Exercise data —
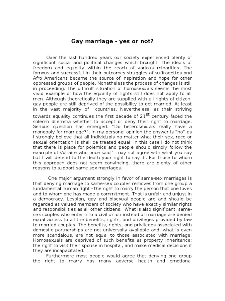 Remember (even when writing a gay rights persuasive essay) to remain impartial and objective. Consider the other side of the debate. Acknowledge the limitations of your research. The last thing you want is to sound biased. Keep in mind that the gay marriage argument essay is an academic paper. It should follow all applicable academic writing · Homosexual union goes against the biological meaning of marriage, the aim of which is procreation. That is why same-sex marriage is in a way a self-contradiction already, as such union is incapable of bearing children. According to Dr Patricia Morgan: “It reinforces the idea that marriage is irrelevant to parenthood.” Words | 3 Pages. In most countries worldwide, gay marriage is illegal, forcing homosexuals to remain hidden out of a sense of shame and fear. Many religions, including Judaism and Islam, forbid homosexual acts and behaviour. This is worrying for society as one may not be accepted by one’s own religion, as well as being rejected by society
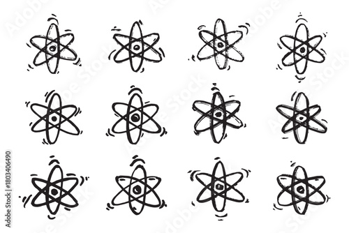 Set of hand drawn atom sign Molecule clipart in doodle style Symbol of science, education, nuclear energy, scientific research, molecular chemistry Single element for print, web, design
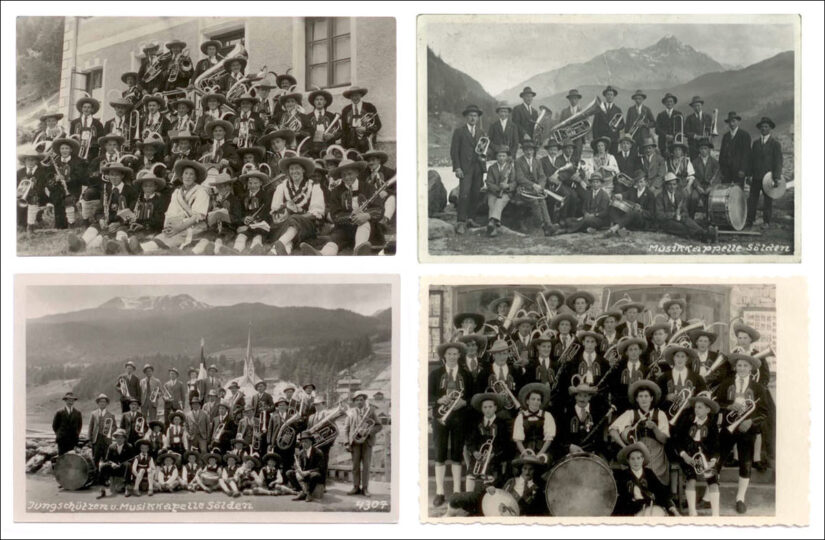 Diese Fotografie im Lose-Blatt-Album der französischen Touristengruppe, die bis ins hinterste Ötztal vorgedrungen ist, trägt den…

Task to complete —
Pictures stay out. Repeat only the lines from the beginning of the data through the line that has "Set of hand".

Task answer —
 Remember (even when writing a gay rights persuasive essay) to remain impartial and objective. Consider the other side of the debate. Acknowledge the limitations of your research. The last thing you want is to sound biased. Keep in mind that the gay marriage argument essay is an academic paper. It should follow all applicable academic writing · Homosexual union goes against the biological meaning of marriage, the aim of which is procreation. That is why same-sex marriage is in a way a self-contradiction already, as such union is incapable of bearing children. According to Dr Patricia Morgan: “It reinforces the idea that marriage is irrelevant to parenthood.” Words | 3 Pages. In most countries worldwide, gay marriage is illegal, forcing homosexuals to remain hidden out of a sense of shame and fear. Many religions, including Judaism and Islam, forbid homosexual acts and behaviour. This is worrying for society as one may not be accepted by one’s own religion, as well as being rejected by society
 Set of hand drawn atom sign Molecule clipart in doodle style Symbol of science, education, nuclear energy, scientific research, molecular chemistry Single element for print, web, design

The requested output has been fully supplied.